» **Assigned task**:
Within the data that follows, set down exactly the lines from the one containing "WestQuay Shopping Centre, Watermark" through the one containing "Ballet Sky Dance Sage flowers", both ends included.

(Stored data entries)
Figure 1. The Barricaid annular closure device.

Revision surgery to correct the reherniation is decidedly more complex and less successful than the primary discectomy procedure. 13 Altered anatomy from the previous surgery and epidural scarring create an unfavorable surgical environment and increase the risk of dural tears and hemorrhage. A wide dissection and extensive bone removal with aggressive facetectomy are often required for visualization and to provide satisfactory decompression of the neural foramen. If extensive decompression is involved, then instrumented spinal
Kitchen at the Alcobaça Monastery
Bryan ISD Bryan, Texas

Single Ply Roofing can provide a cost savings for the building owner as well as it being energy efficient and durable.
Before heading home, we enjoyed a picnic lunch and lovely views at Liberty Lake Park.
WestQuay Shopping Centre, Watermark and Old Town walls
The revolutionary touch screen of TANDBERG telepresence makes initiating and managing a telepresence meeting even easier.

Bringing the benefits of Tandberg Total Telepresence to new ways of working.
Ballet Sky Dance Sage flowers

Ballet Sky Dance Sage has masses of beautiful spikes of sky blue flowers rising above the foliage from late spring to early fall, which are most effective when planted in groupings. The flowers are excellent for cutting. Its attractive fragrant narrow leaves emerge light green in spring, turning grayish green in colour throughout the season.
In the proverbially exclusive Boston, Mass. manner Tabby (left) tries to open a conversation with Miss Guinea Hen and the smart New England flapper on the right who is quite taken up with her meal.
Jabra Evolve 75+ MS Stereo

» **Answer to this problem**:
WestQuay Shopping Centre, Watermark and Old Town walls
The revolutionary touch screen of TANDBERG telepresence makes initiating and managing a telepresence meeting even easier.

Bringing the benefits of Tandberg Total Telepresence to new ways of working.
Ballet Sky Dance Sage flowers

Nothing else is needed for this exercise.